教育費支出は、子どもの性別(ジェンダー差)と世帯収入によって差のあることが明らかになっている(ベネッセ教育研究開発センター『子どものスポーツ・芸術・学習活動データブック』2009 図1−2参照)。

教育費支出額のジェンダー差については、「スポーツ活動」では、男子平均4,200円、女子平均3,100円と1,100円の差がある。また「芸術活動」への教育費支出額は、とくに子どもの性別による差が大きく、女子(平均3,300円)は男子(同1,000円)の3倍以上となっている。

家庭の世帯年収差も影響しており、年収400万円未満の家庭が「スポーツ活動」に平均2,400円を支出するのに対し、800万円以上の家庭では平均4,900円となる。当然、これらの数値は子どものスポーツ活動率の格差にもつながっている。芸術活動への支出額は、年収400万円未満家庭で平均1,100円、800万円以上家庭ではその3倍以上の3,600円であった。

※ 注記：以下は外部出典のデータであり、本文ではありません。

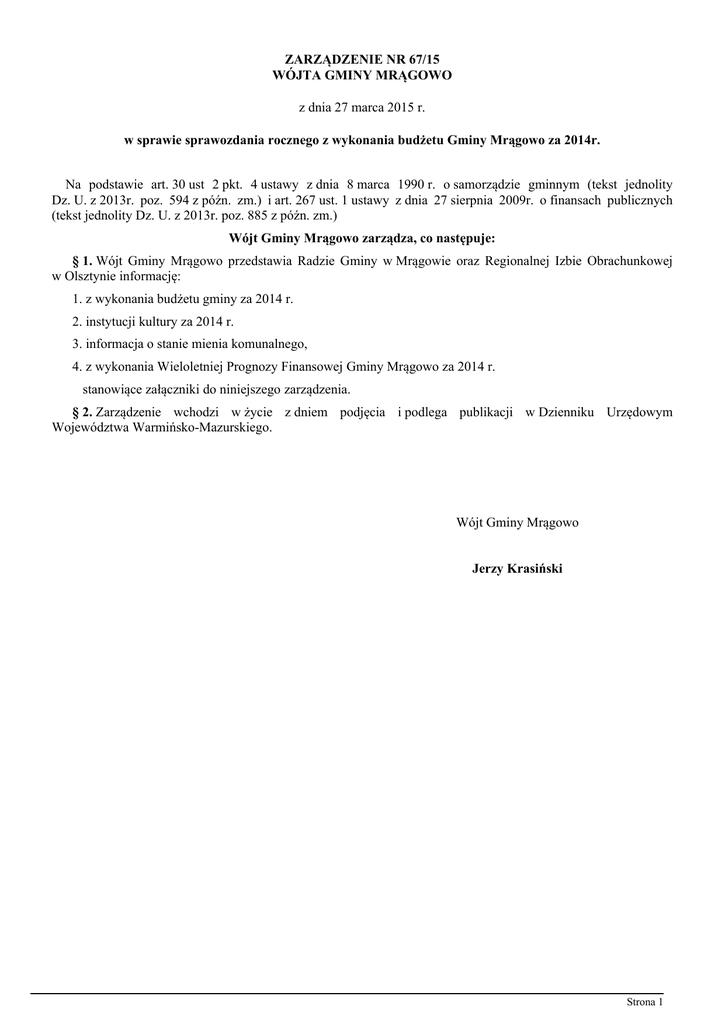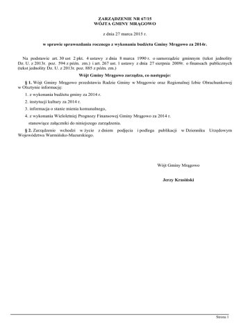 Zarządzenie nr 67/15 Wójta Gminy Mrągowo z dnia 27 marca 2015 r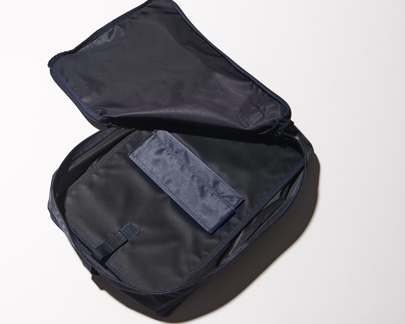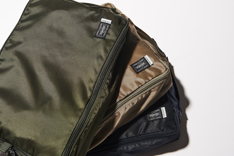 素材は弱撥水加工を施したナイロンツイルを採用。カラーは(左から)グリーン、グレーベージュ、ネイビーの全3色展開です。フライトジャケットなどのミリタリーウェアを思わせる、ナイロンの光沢や質感に胸躍る方もきっと多いのでは? 目を凝らすと、本体とジッパーの配色にこだわっているなどなど、細部にまで抜かりがありませんよね。

このように親の経済状況は、子どもの芸術活動およびスポーツ活動に対して、参加の有無や教育費支出額の多少を左右する大きな要因となっていた(同、図3−5図4−4参照)。しかし子どもの活動の階層差は、経済状況だけで生じるものではない。子どものスポーツ活動・芸術活動の規定要因を多面的に分析する必要がある。